Records to process:
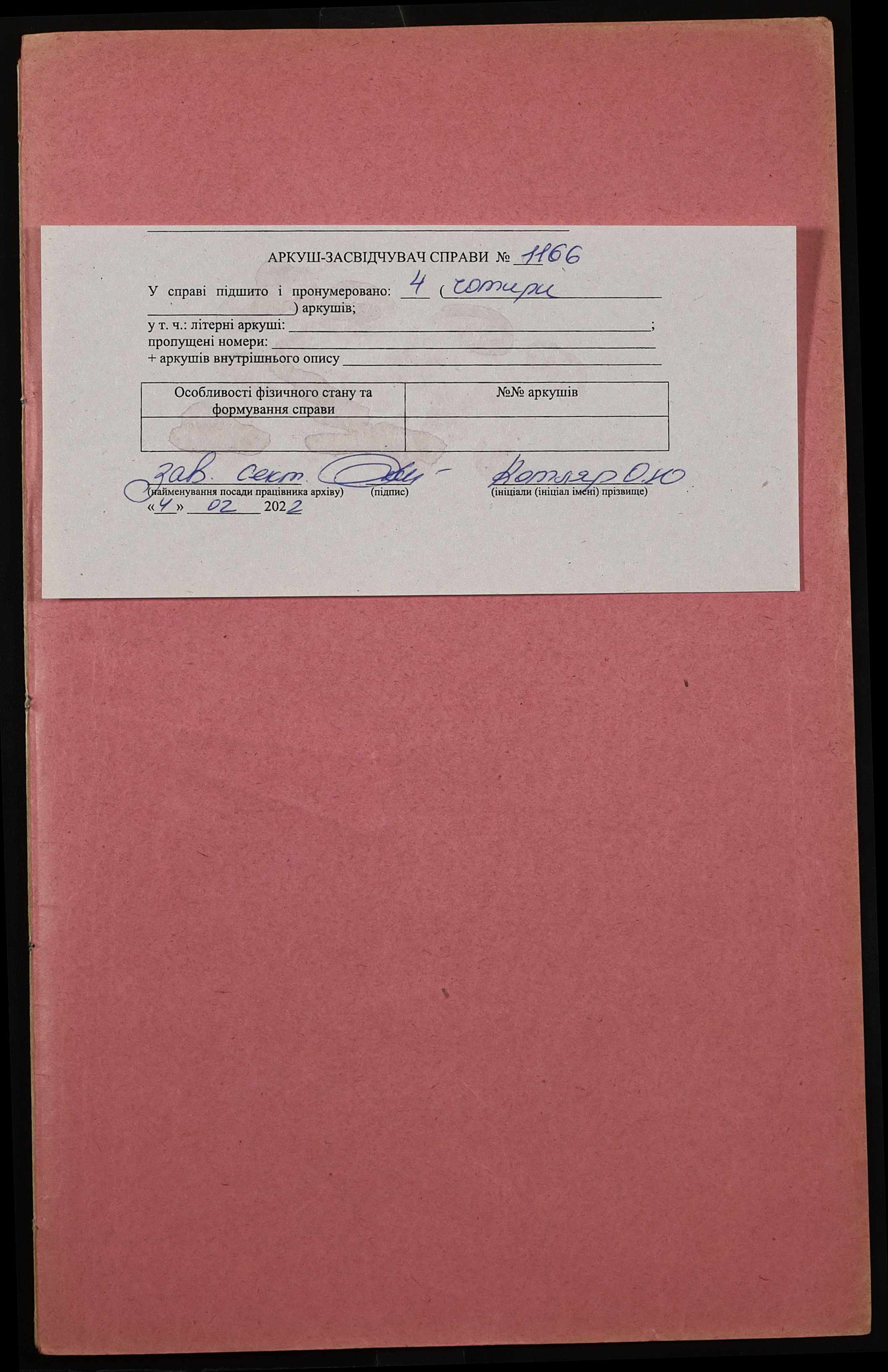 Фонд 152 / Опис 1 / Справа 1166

==

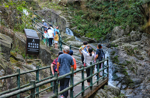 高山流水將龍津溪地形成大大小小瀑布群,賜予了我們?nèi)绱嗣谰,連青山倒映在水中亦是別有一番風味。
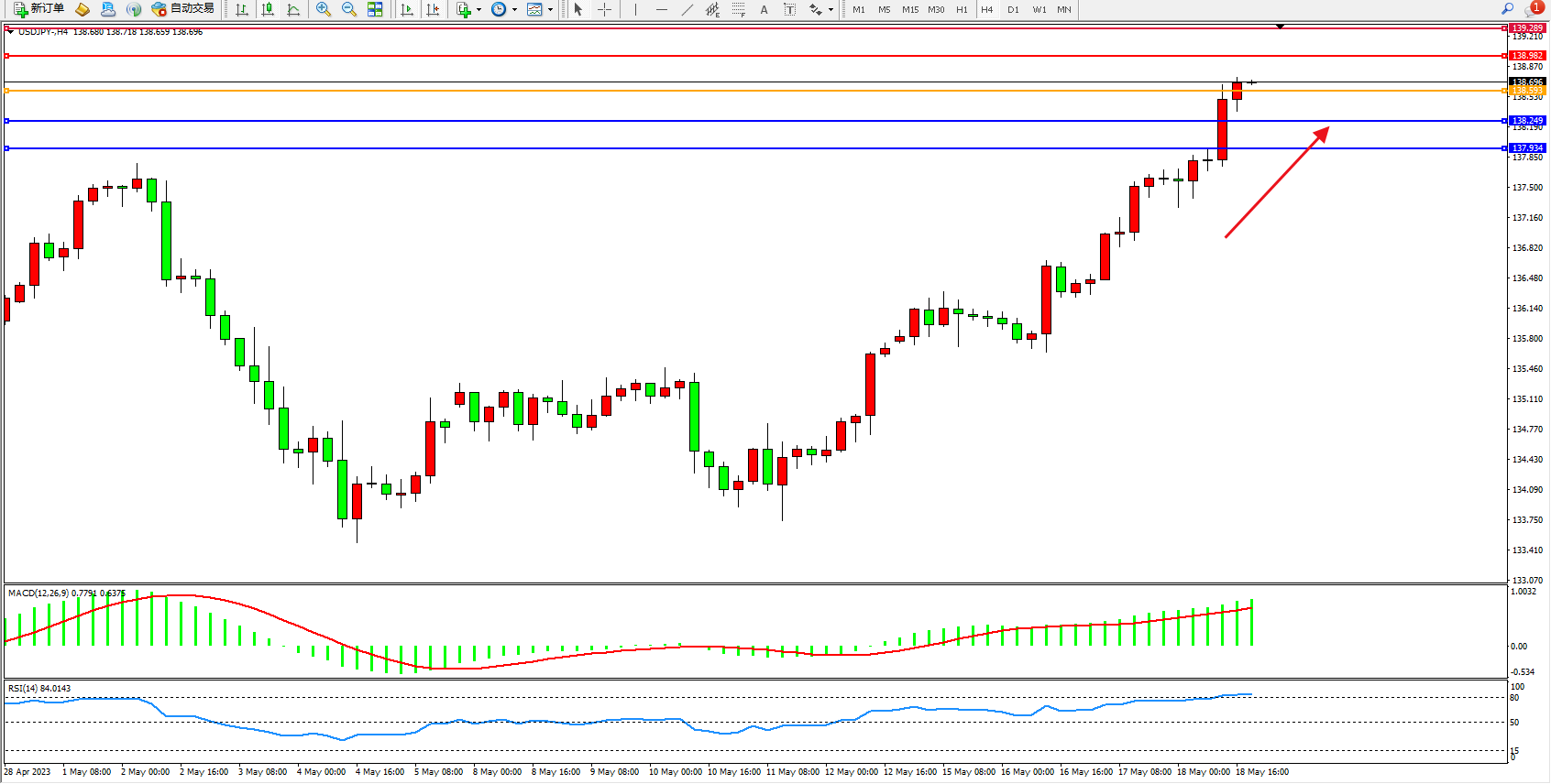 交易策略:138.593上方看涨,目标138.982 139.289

What the task asks: Look back at the data above, then output exactly the lines from the line holding "高山流水將龍津溪地形成大大小" up to and including the line holding "交易策略:138.593上方看涨,目标138.982 139.289". Leave out the pictures.

Problem solution:
 高山流水將龍津溪地形成大大小小瀑布群,賜予了我們?nèi)绱嗣谰,連青山倒映在水中亦是別有一番風味。
 交易策略:138.593上方看涨,目标138.982 139.289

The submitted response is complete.